◆ **WORK TO COMPLETE**:
Print, exactly as they appear in the listing below, the lines from the line with "Kafdrop을 통해 웹 브라우저에서 메세지 내용을 확인할 수 있다." to the line with "de ese cuerpo.", with both end lines kept.

◆ **DATA PROVIDED**:
○ ○ ○ ○ ○
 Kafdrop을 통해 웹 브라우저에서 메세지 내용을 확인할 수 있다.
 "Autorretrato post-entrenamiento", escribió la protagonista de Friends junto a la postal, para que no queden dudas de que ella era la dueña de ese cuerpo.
○ ○ ○ ○ ○
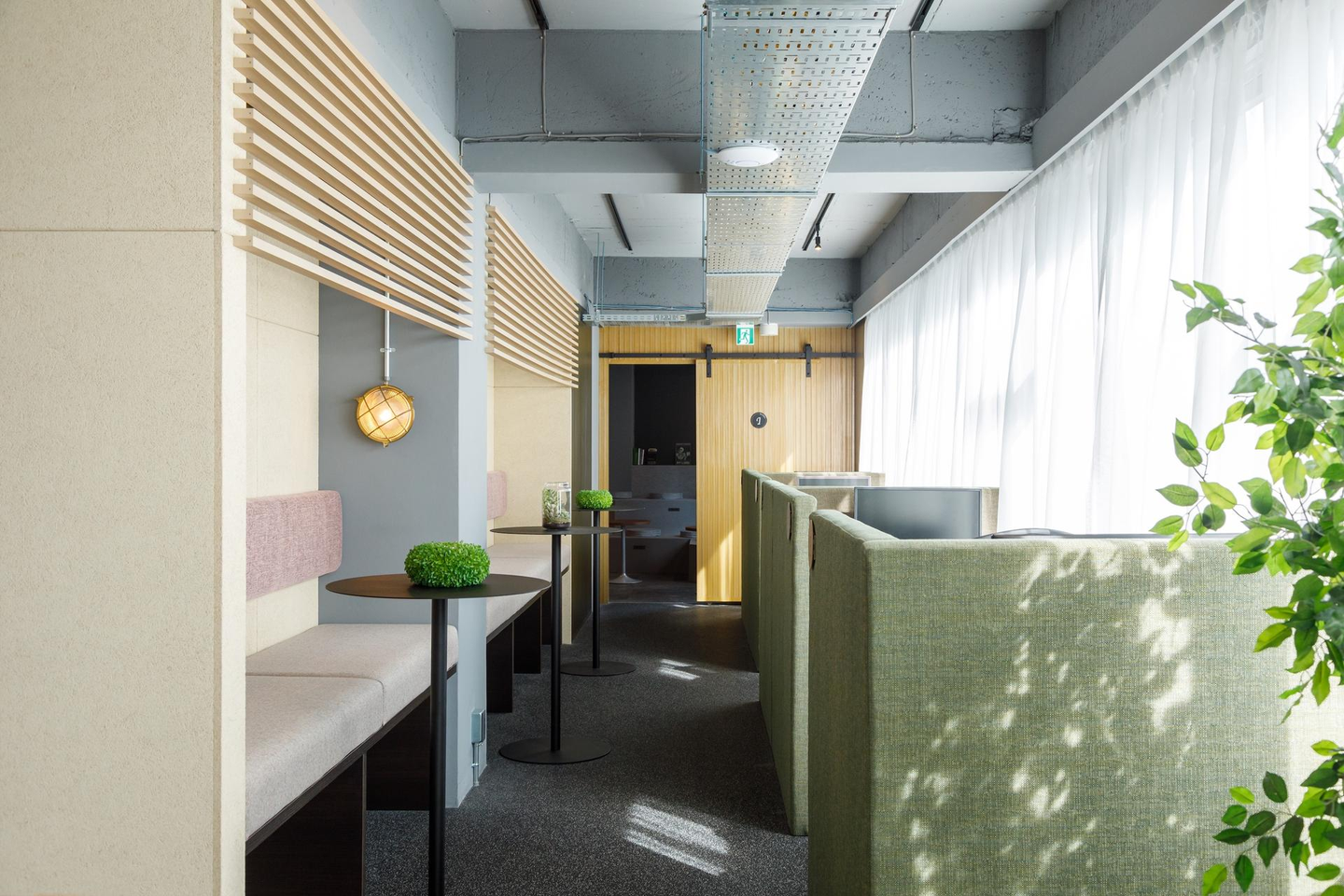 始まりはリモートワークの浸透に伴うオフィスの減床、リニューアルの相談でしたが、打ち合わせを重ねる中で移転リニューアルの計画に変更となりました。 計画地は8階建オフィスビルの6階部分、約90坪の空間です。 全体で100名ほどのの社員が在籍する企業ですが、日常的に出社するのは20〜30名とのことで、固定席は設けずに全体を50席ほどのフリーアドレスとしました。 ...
○ ○ ○ ○ ○
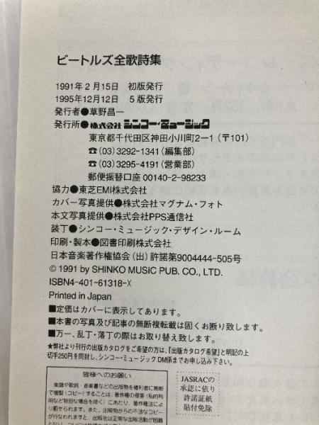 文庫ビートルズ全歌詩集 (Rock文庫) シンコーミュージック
○ ○ ○ ○ ○
◆ **REPLY TO THE TASK**:
 Kafdrop을 통해 웹 브라우저에서 메세지 내용을 확인할 수 있다.
 "Autorretrato post-entrenamiento", escribió la protagonista de Friends junto a la postal, para que no queden dudas de que ella era la dueña de ese cuerpo.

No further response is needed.